### Your task
Please keep to the lines below from the one with "小胸, tsubasadef, ハイレグレオタード, 肘まで手袋, 白手袋, 青色の太ももまで丈のストッキング, スキンタイト" through the one with "校党委书记陈章龙为毕业生授予学士学位证书 校长刘志彪为毕业生拨过学位帽上的流苏 ...", and restate them word for word, ends included.

### Source data
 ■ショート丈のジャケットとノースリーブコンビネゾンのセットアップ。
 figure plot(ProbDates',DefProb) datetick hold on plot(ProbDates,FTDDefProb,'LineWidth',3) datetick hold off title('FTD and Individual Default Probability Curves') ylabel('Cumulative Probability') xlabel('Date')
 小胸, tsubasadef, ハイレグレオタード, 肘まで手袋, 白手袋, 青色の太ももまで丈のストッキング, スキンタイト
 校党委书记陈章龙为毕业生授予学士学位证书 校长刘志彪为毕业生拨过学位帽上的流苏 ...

* * *

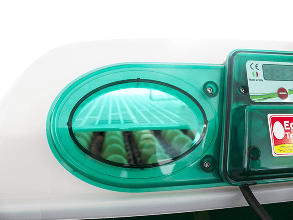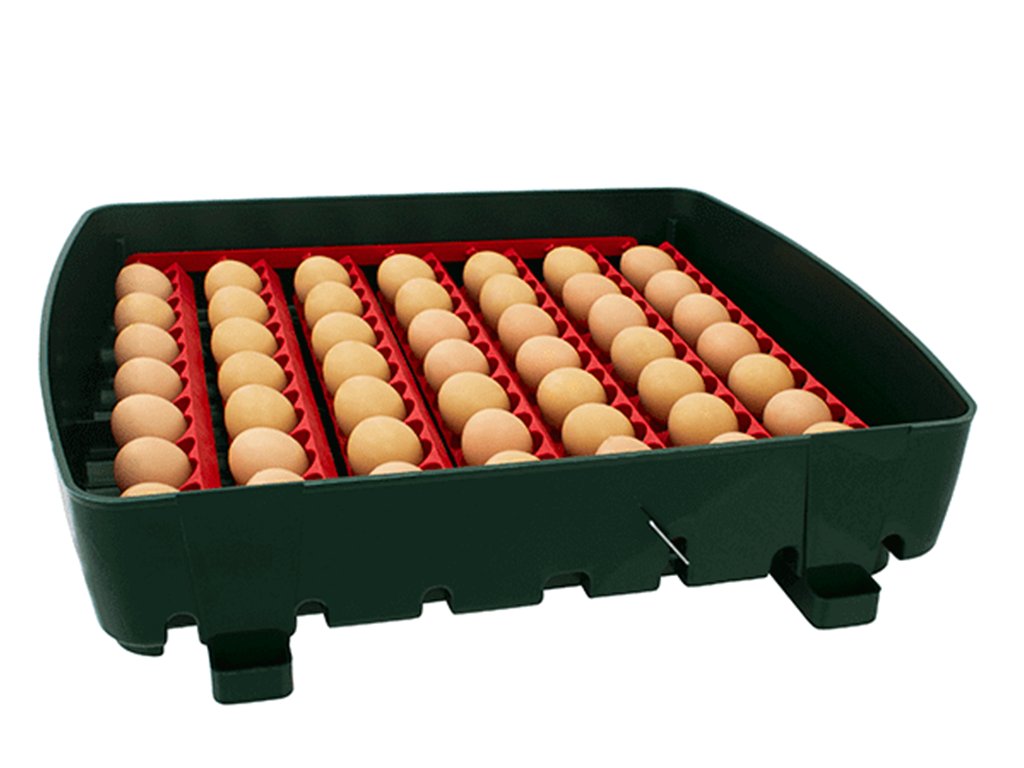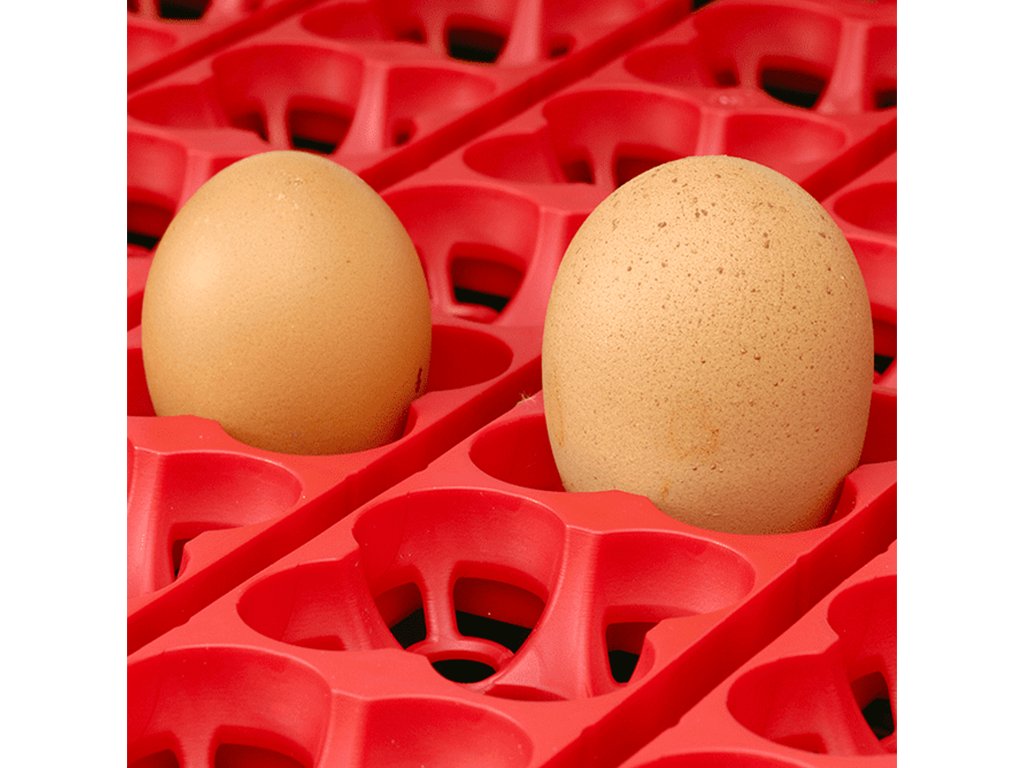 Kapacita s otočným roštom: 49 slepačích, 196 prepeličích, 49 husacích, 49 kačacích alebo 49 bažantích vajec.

### Solution to this task
 小胸, tsubasadef, ハイレグレオタード, 肘まで手袋, 白手袋, 青色の太ももまで丈のストッキング, スキンタイト
 校党委书记陈章龙为毕业生授予学士学位证书 校长刘志彪为毕业生拨过学位帽上的流苏 ...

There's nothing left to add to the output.